This move aims to enhance the learning experience of students who cannot attend in person teaching due to absence or in the event there are further lockdowns.
The ICO has issued clear guidance that data protection is not a barrier to increased and different types of remote working, but universities will need to consider the data protection issues and appropriate security measures.
When recording lectures, universities are processing personal data of the individuals delivering, and in some cases attending, the lectures. Where personal data is processed, universities will need to ensure that they are doing so fairly, lawfully and transparently.
First, consider whether processing personal information in this way is fair, taking into account what staff (and in some cases students) would reasonably expect in relation to the use of their personal information, the reasons their information is being used for this purpose and any detriment to the individuals involved.
Secondly, identify and document your lawful bases for processing personal data. For most universities it is likely that they will be able to rely on legitimate interests or public task as their lawful basis, but remember if you are relying on legitimate interest a legitimate interest assessment should be carried out.

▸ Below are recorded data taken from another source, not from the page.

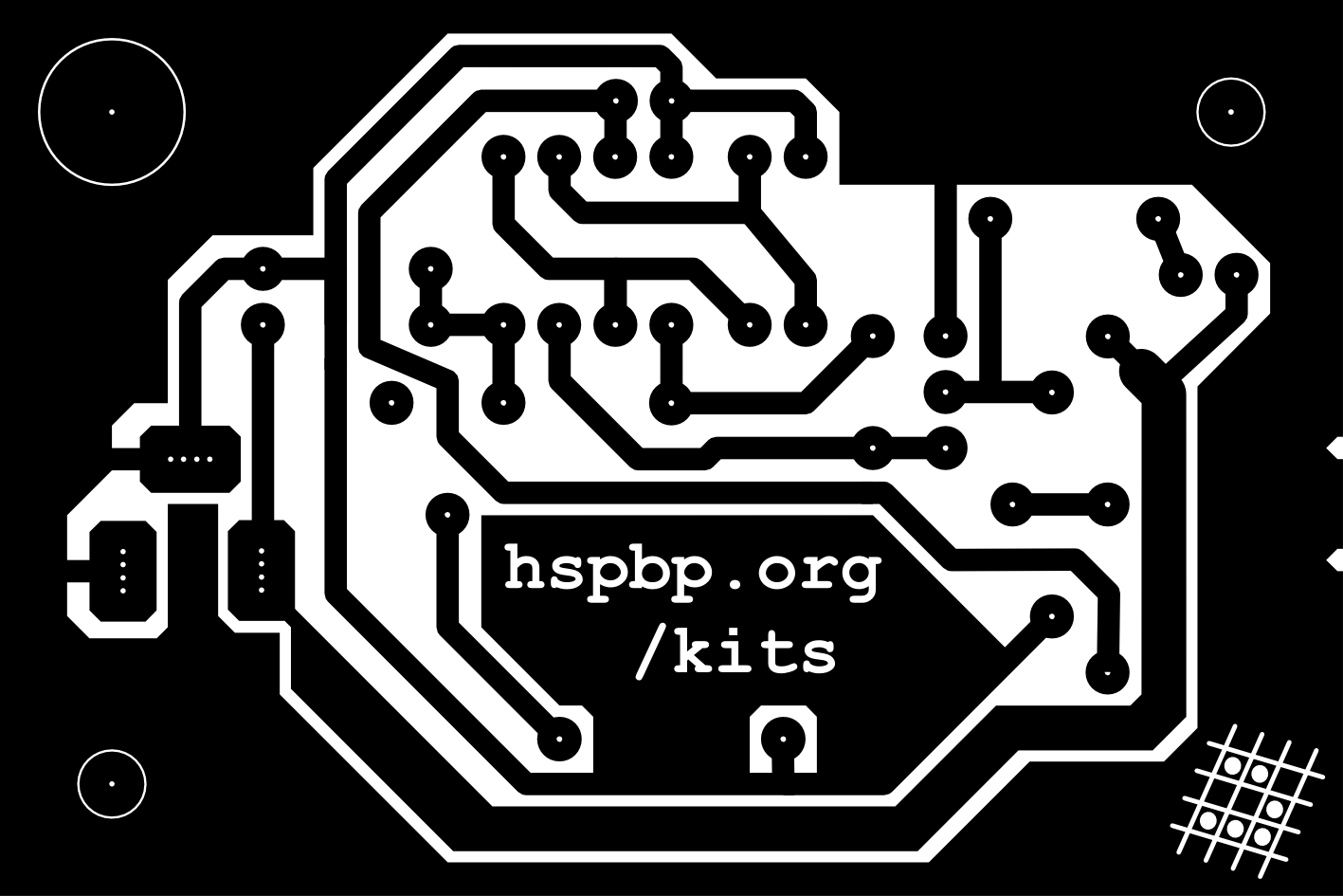 - Attól, hogy kész a NYÁK, még lehet alternatív designt adni neki. Én már tettem rá glidert és honlap-címet, de a projekt ettől függetlenül maximálisan nyitott a kreativitásra. Az inkscape-svg forrás itt található. (Renderelni úgy lehet, hogy a fólia-réteg átlátszóságát 100%-ra kell venni, a többi réteget elrejteni, és File/Export menü.)
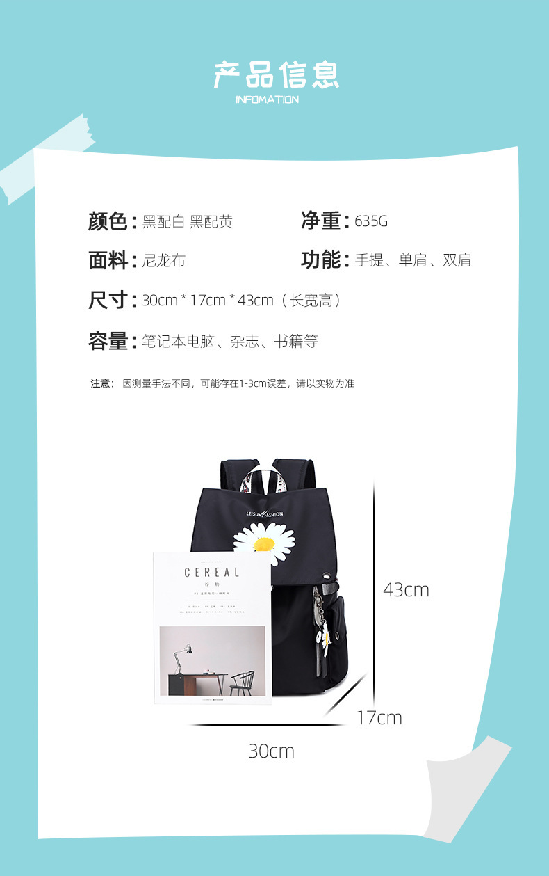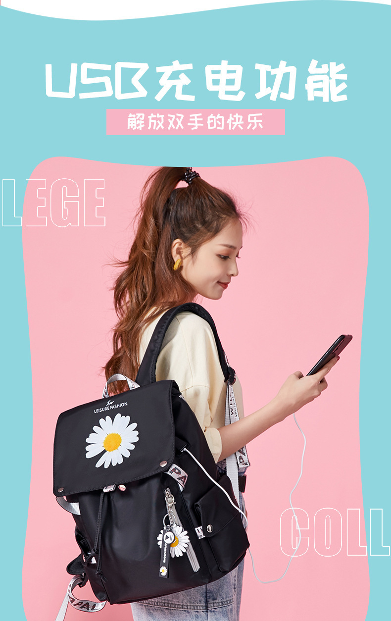女双肩包小雏菊跨境学生书包高中生潮流学生背包轻便大容量旅行包 English | 投诉
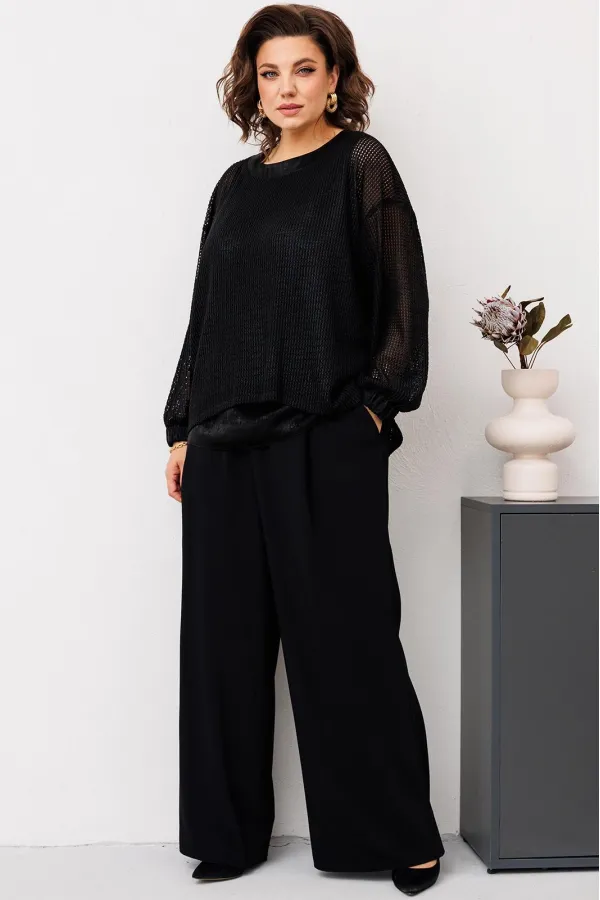 Комплект женский относится к торжественной одежде. Комплект женский 3-х предметный джемпер, топ и брюки. Джемпер прямого силуэта, с фигурным низом. Перед и спинка цельнокроеные, с притачной планкой из отделочной ткани по горловине. Джемпер со спущенным плечом. Рукав втачной, одно шовный, длинный, с притачной манжетой, собранной на эластичную тесьму. Джемпер без плечевых накладок. Топ женский прямого силуэта, длиной до линии бёдер. Перед с 2-мя нагрудными вытачками. Спинка цельнокроеная. Горловина круглая, без воротника. Проймы обтачные. Топ на подкладке. Брюки женские прямые широкие, длинные. Передние половинки с односторонними складками и карманами в боковых швах. Задние половинки с таллиевыми вытачками. Брюки с притачным поясом, собранным на эластичную тесьму, закреплённую 2-мя отделочными строчками.
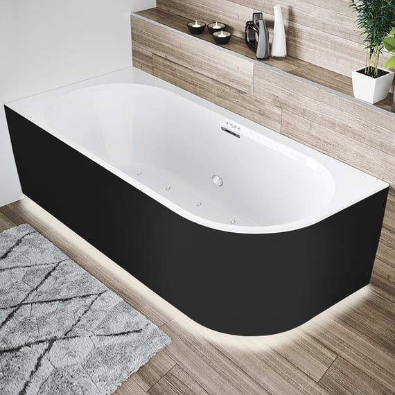 Акриловая ванна Riho Desire Corner Velvet Sparkle System LED Fall B087010220 R 184x84см с аэромассажем и подсветкой заполнение через перелив чёрный матовый/белый матовый купить
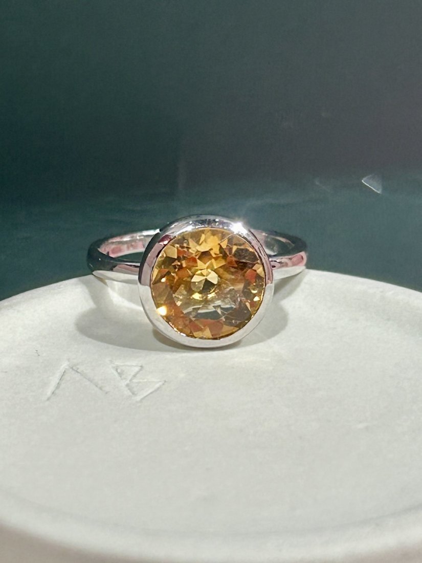 W prostej oprawie bezel piękny cytryn prawdziwy (ulepszany).
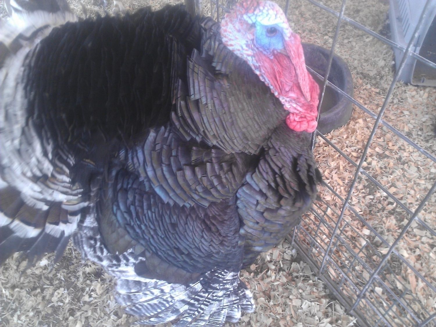 A few of my favorite pictures of my turkeys. All are royal palm/bourbon red crosses.. I am amazed at the wide variety of colors created with this cross. I recently killed all but 2 toms, keeping a bronze one and a royal palm colored one for breeding. The toms I butchered were big, meaty, and delicious. I love turkeys, they're equal parts beautiful, lovable, and useful.
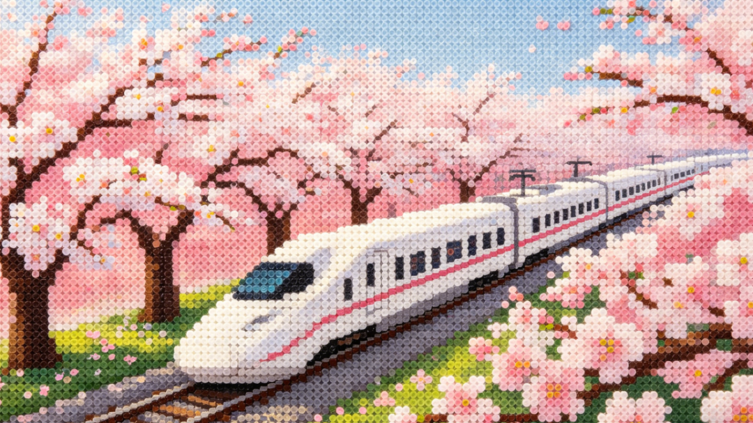 谁能拒绝一趟开往春天的列车?AI拼豆把网红S2线,拼成了最治愈的春日限定画面:白色列车是干净的米白颗粒,窗外的山桃、杏花是渐变的粉紫,远处的长城是深邃的灰,轨道旁的草木是清新的绿,每一颗豆子都藏着移动的浪漫。

Thirdly, make it clear to staff (and where applicable, students) what you are doing with their personal information, how recordings will be reused, how long they will be kept for and with who they will be shared. You can tell individuals either by updating your current privacy notice or by creating a separate notice which applies to only lecture recordings.
Other issues should also be considered, for example, whether the platform used to record lectures has end-to-end encryption, whether it has sufficient security measures to prevent unauthorised access, and if there are any reported concerns about the security of the platform.